YOUR ASSIGNMENT: Restate the data exactly as given and keep the pictures out.

DATASET CONTENT:
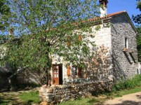 This is a stone farmhouse with a difference – instead of encountering the usual dark rustic décor upon entering, the owner-artist has painted the interior in his own colorful style - this gives it an inimitable character all its own. The house was chosen by Elle Decor as one of the top 10 houses in Croatia according to its interior design. The front door opens into a charming sitting room with corner sofa. Kitchen/diner equipped with 4 ring electric hob, oven, fridge and stone sink. Air conditioning. Bathroom, WC etc and washing machine. Up 13 stone steps is the first floor landing off which are two double bedded rooms. The double beds are slightly narrower than normal, in common with Istrian practice. Hidden away down a quiet country lane in deepest Central Istria, the peace and privacy one finds here are the other hallmarks of this property. The friendly owners live next door but this does not detract from the sense of complete tranquility, even when enjoying an al fresco meal at the stone table in the garden. 11 kilometers away is the ancient town of Pazin where essential shops, banks and chemists are to be found. These aside, the town’s castle is known as the most beautiful and best preserved medieval fort in Istria and Pazin’s Pit, an abyss 130 meters deep, are but two of this town’s attractions that provide very interesting diversions.
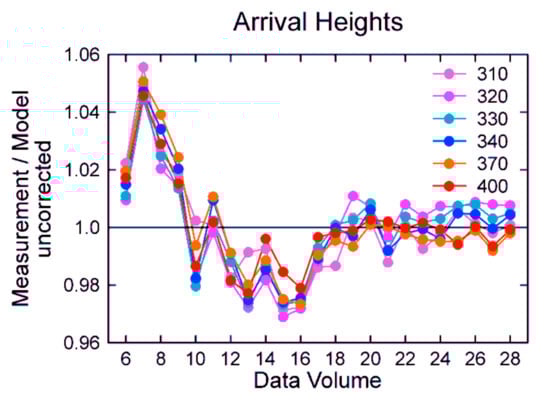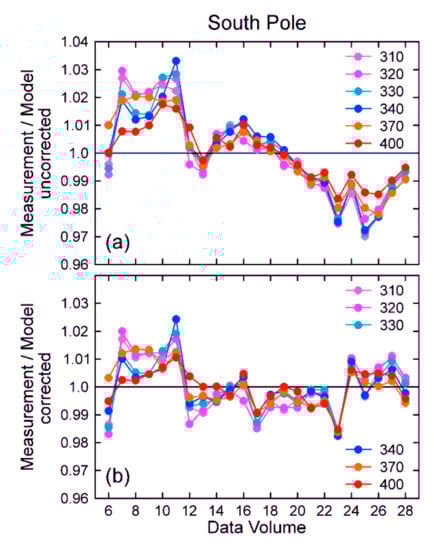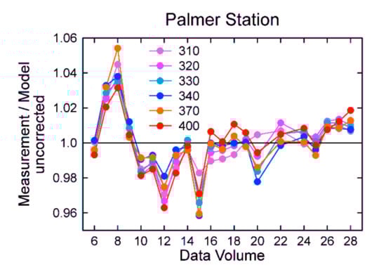 To determine whether the variations shown in Figure 1a could be explained with drifts in calibrations, we corrected the results by taking into account the change in the SoSI from the CUCF lamps to lamp F-616 (red line in Figure A3) plus the other adjustments described in Section 2.5. The corrected median ratios are shown in Figure 1b. The decreasing trend between Volumes 16 and 26 disappeared after applying these corrections, and the median ratios of all volumes now agree to within ±2.2% at all wavelengths. However, the differences between the measurement and model are still not randomly distributed: ratios for Volumes 7–11 are biased high by approximately 1%, while those of Volumes 12–23 are biased low by about 0.5%, and those of Volumes 24–28 are biased high by 0.5%. While we cannot explain the small step changes between Volumes 11 and 12 and Volumes 23 and 24, we note that the remaining variability, including these step changes, is well within the expanded (k = 2) calibration uncertainty of 5.8% calculated by Bernhard et al. []. Thus, the model-based approach provides strong evidence that the corrections described in Section 2.4 and Section 2.5 were appropriate.
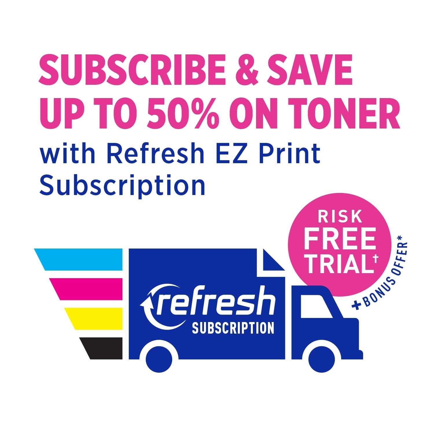 - Save up to 50% on toner with Refresh EZ Print Subscription Service(1). For one low monthly payment, get Brother Genuine Toner delivered right to your door, before you need it. Up to 4 months free trial included(2). Plus get 1,000 bonus pages when you enroll within 7 days of setup

REPLY TO THE EXERCISE:
 This is a stone farmhouse with a difference – instead of encountering the usual dark rustic décor upon entering, the owner-artist has painted the interior in his own colorful style - this gives it an inimitable character all its own. The house was chosen by Elle Decor as one of the top 10 houses in Croatia according to its interior design. The front door opens into a charming sitting room with corner sofa. Kitchen/diner equipped with 4 ring electric hob, oven, fridge and stone sink. Air conditioning. Bathroom, WC etc and washing machine. Up 13 stone steps is the first floor landing off which are two double bedded rooms. The double beds are slightly narrower than normal, in common with Istrian practice. Hidden away down a quiet country lane in deepest Central Istria, the peace and privacy one finds here are the other hallmarks of this property. The friendly owners live next door but this does not detract from the sense of complete tranquility, even when enjoying an al fresco meal at the stone table in the garden. 11 kilometers away is the ancient town of Pazin where essential shops, banks and chemists are to be found. These aside, the town’s castle is known as the most beautiful and best preserved medieval fort in Istria and Pazin’s Pit, an abyss 130 meters deep, are but two of this town’s attractions that provide very interesting diversions.
 To determine whether the variations shown in Figure 1a could be explained with drifts in calibrations, we corrected the results by taking into account the change in the SoSI from the CUCF lamps to lamp F-616 (red line in Figure A3) plus the other adjustments described in Section 2.5. The corrected median ratios are shown in Figure 1b. The decreasing trend between Volumes 16 and 26 disappeared after applying these corrections, and the median ratios of all volumes now agree to within ±2.2% at all wavelengths. However, the differences between the measurement and model are still not randomly distributed: ratios for Volumes 7–11 are biased high by approximately 1%, while those of Volumes 12–23 are biased low by about 0.5%, and those of Volumes 24–28 are biased high by 0.5%. While we cannot explain the small step changes between Volumes 11 and 12 and Volumes 23 and 24, we note that the remaining variability, including these step changes, is well within the expanded (k = 2) calibration uncertainty of 5.8% calculated by Bernhard et al. []. Thus, the model-based approach provides strong evidence that the corrections described in Section 2.4 and Section 2.5 were appropriate.
 - Save up to 50% on toner with Refresh EZ Print Subscription Service(1). For one low monthly payment, get Brother Genuine Toner delivered right to your door, before you need it. Up to 4 months free trial included(2). Plus get 1,000 bonus pages when you enroll within 7 days of setup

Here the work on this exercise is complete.